DependableSystemsLab/LLTFI

Folders and files

NameName
Last commit message
Last commit date

Latest commit

 

History

1,302 Commits
 
 
 
 
 
 
 
 
 
 
 
 
 
 
 
 
 
 
 
 
 
 
 
 
 
 
 
 
 
 
 
 
 
 
 
 
 
 
 
 
 
 
 
 
 
 
 
 
 
 
 
 
 
 
 
 
 
 
 
 
 
 

Repository files navigation

LLTFI

LLTFI (Low-Level Tensor Fault Injector) is a unified SWiFI tool that supports fault injection of both C/C++ programs and ML applications written using high-level frameworks such as TensorFlow and PyTorch.
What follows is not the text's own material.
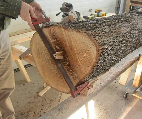 After that, I turned the log 90 degrees with the flat side on the sawhorses,

Faults are injected at the LLVM IR level, giving precise control over which instructions and registers are targeted.

LLTFI is built on top of LLFI and is fully backward compatible with it.

For a detailed description of the internal architecture — pass pipeline, selector class hierarchy, hardware/software/ML fault modes, runtime library, and the interface between the compile-time and runtime layers — see architecture.md.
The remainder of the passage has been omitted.